Steven A. Wechsler, president and CEO of the National Association of Real Estate Investment Trusts (NAREIT), and Steve Bartlett, president of The Financial Services Roundtable, sent the following letter, dated Oct. 23, 2001, to President Bush:
“Our two organizations, representing the CEOs of the nation’s largest financial services companies and publicly traded real estate companies commend you for your leadership in formulating a proposal to address the challenges associated with the availability of insurance against risks associated with terrorism.
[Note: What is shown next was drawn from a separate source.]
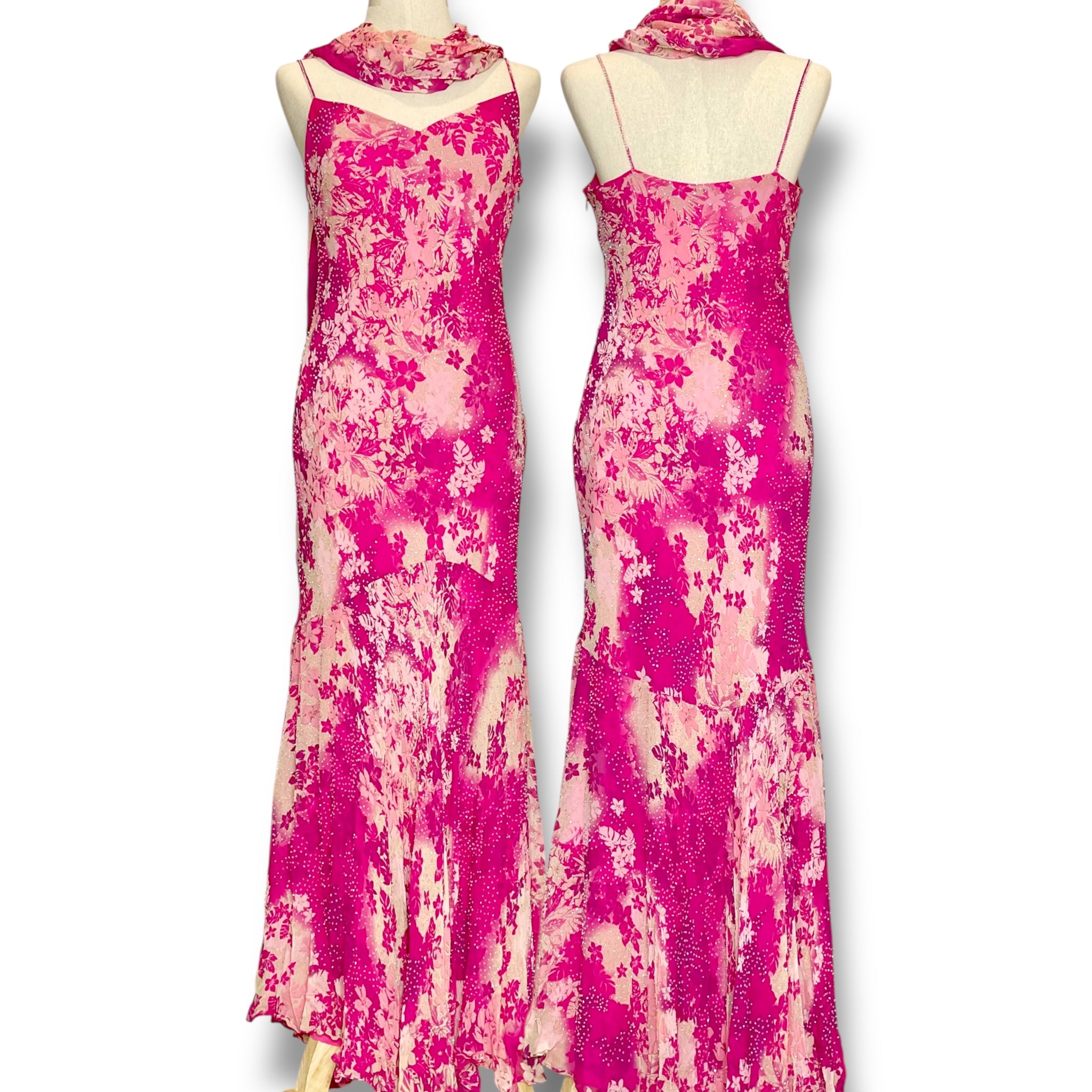 V25 Vintage Super Rare Floral Shock Pink Evening Dress (S-M)

Without such coverage, your efforts to stimulate the economy may be hindered as many business sectors will face economic disruption as a result of their inability to acquire terror-related insurance.
“As the legislative process moves forward, we stand ready to assist both you and Congress in developing a temporary federal insurance program that provides sufficient coverage against terrorist risk until the private insurance market has the capacity to cover such risks. We feel strongly that in order for the final proposal to constitute a workable solution to this problem, three specific areas of concern to our organizations need to be addressed.
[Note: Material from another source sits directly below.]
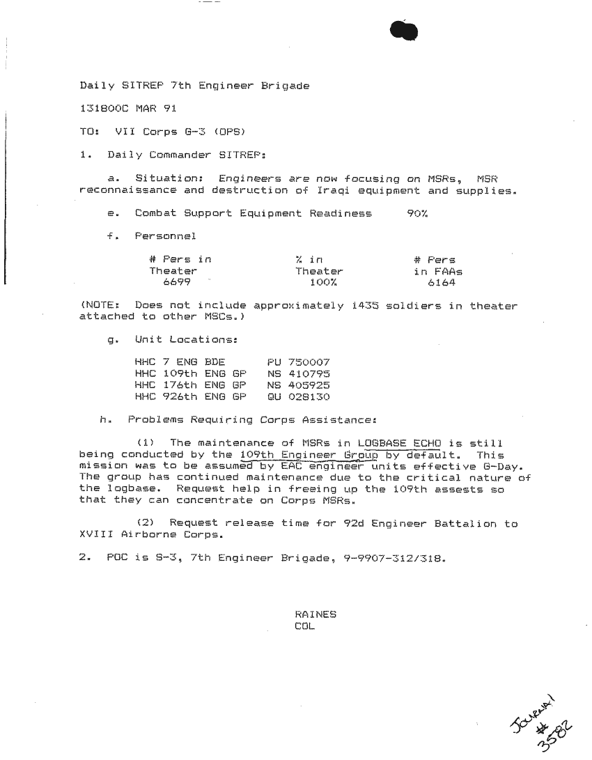 Document 87 f:/Week-24/BX000213/SITUATION REPORTS 7TH ENG BDE 22 DEC 90- 10 APR 91/daily commander sitrep:10019616504540

“First, any federal insurance program must be of a sufficient duration to allow the private insurance market to accurately price the risks associated with terrorist acts and to build capacity in reserves to cover losses against such acts. This is necessary to give others in the marketplace confidence that that the government will not terminate its participation in the program until such time as a private market has been developed. For example, real property, being a long-lived fixed asset, generally is financed over a long- term–typically 10, 20 or 30 years. Lenders expect properties that they finance to be adequately insured for the duration of the loan agreement. Although it may be unrealistic to expect a federal program to last for ten years, it is important for policy-makers to recognize that any federal insurance program that does not provide adequate time for a private insurance market to develop may prompt lenders to resist financing long-term loans.
“Second, it is important that the definition of ‘terrorist acts’ for purposes of insurance coverage under this new federal insurance program insure against any losses arising out of future attacks by terrorists such as al Qaeda and its affiliates. Unfortunately, the unique circumstances surrounding the current conflict have the potential to blur significantly the distinction between terrorism and ‘acts of war.’ Without such clarification, our industries fear that we could be faced with years of costly litigation to prove coverage.
“Lastly, it is important that policymakers consider carefully the relative split of risk exposure among property owner, lender, insurer, and Federal Government in the final proposal. The establishment of a minimum level of insured losses to trigger participation in the federal insurance program and the significant insurer retention called for above that level, may lead private insurers to radically raise the deductibles to which ‘soft opening’ properties (office buildings, shopping malls, hotels, stadiums) are subject. This could effectively put equity positions at total risk or be tantamount to no coverage for many properties. Again, Mr. President, thank you for your leadership in pursuit of a solution to this emerging issue.”